Wir erklären Dir in diesem Mini, wie genau Vesting funktioniert, für wen es eine Rolle spielt und werfen einen Blick auf die wichtigsten Vesting-Klauseln und Sonderregelungen aus dem YFN-Muster-Gesellschaftsvertrag.

Wie funktioniert Vesting konkret?

Am Anfang wird ein Vesting-Plan festgelegt. Der regelt, wann und wie viele Anteile am Unternehmen übertragen werden.

Dann gibt es noch die Vesting-Periode. Das ist der Zeitraum, in demgevestedwird – meistens mehrere Jahre.

„Gevested“ heißt „verdient und rechtlich übertragen/gesichert“

In dieser Zeit „verdient“ sich die berechtigte Person Stück für Stück ihre Anteile. Zum Beispiel durch Mitarbeit oder das Erreichen bestimmter Meilensteine.
Verlässt die Person das Unternehmen vor Ablauf der Vesting-Periode, verliert sie in der Regel die noch nicht „gevesteten“ Anteile ganz oder teilweise.

Nach Ablauf der Vesting-Periode
oder Erfüllung der Bedingungen gehört der Vermögenswert vollständig der berechtigten Person.
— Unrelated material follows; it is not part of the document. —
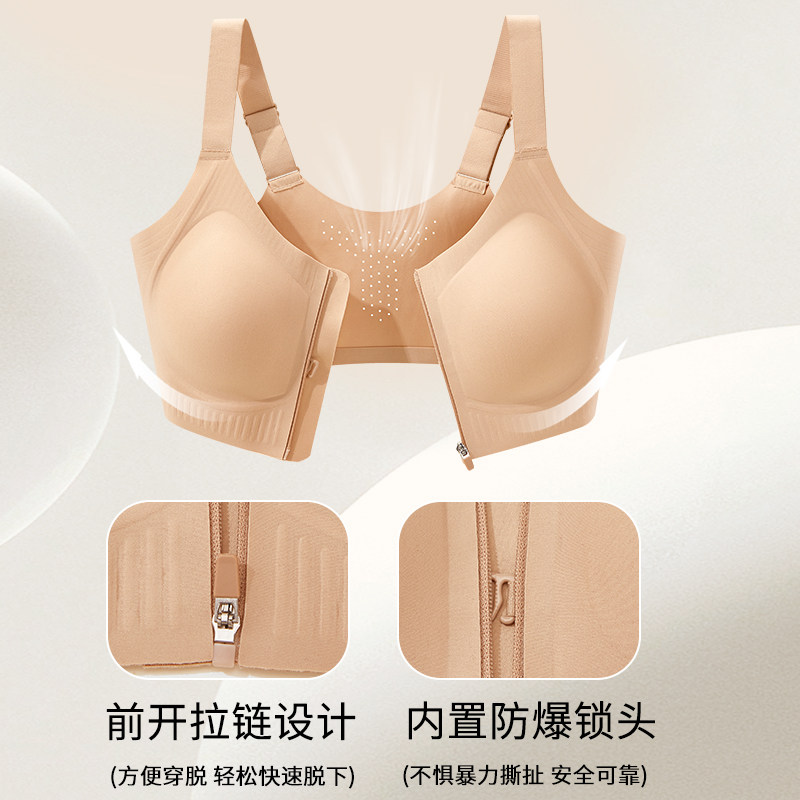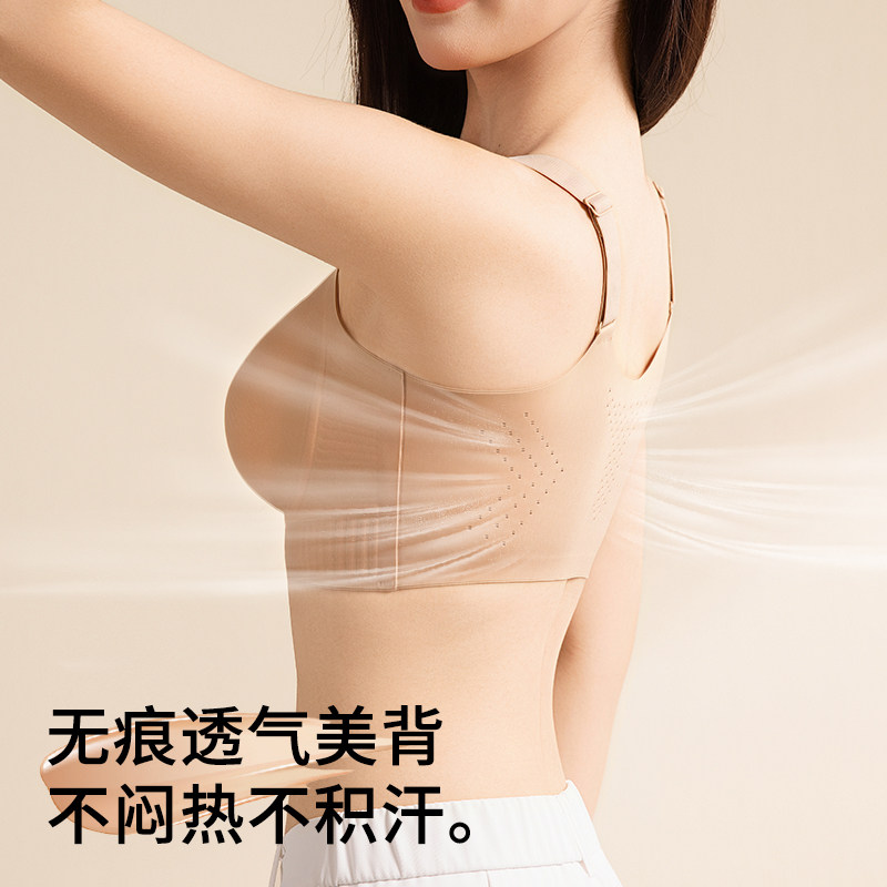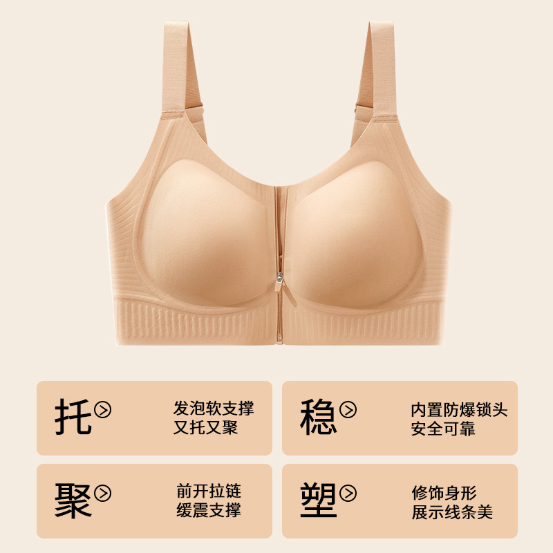 前拉链无痕内衣女运动防震背心大胸显小粉底液收副乳聚拢前扣文胸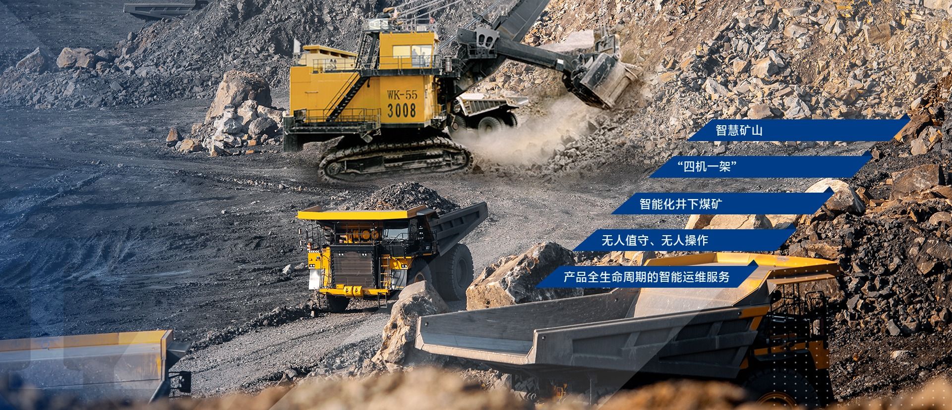公司可為露天礦用戶提供開采、破碎、運(yùn)輸?shù)瘸商坠に囋O(shè)備及“一攬子”解決方案,為井工礦用戶提供“四機(jī)一架”5G智能綜采成套設(shè)備。致力于打造智慧礦山、智能化井下煤礦,實(shí)現(xiàn)露天和井工開采的無人值守、無人操作以及產(chǎn)品全生命周期的智能運(yùn)維服務(wù)。

Ein Beispiel: Gründest du mit einer anderen Person, kann man vereinbaren, dass jeder 10 % der Anteile pro Jahr bekommt. Wenn jemand nach dem ersten Jahr geht, oder “gegangen wird”, dann geht er mit nur 10 %, und die restlichen Anteile kriegst Du zurück, um das Unternehmen weiterzuführen.

Hier geht es nur um Vesting mit „echten GmbH-Geschäftsanteilen“ Auf virtuelle Anteile und Optionen gehen wir in einem anderen Mini ein.

Für wen ist Vesting relevant?

Vesting-Klauseln sind im Gesellschaftsvertrag für Start-ups üblich, weil das Gründerteam dadurch langfristig erhalten bleibt. Oft werden die Anteile wie ein „Ersatz fürs Gehalt“ genutzt – dann je länger ein Gründer bleibt, desto mehr Anteile „verdient“ er.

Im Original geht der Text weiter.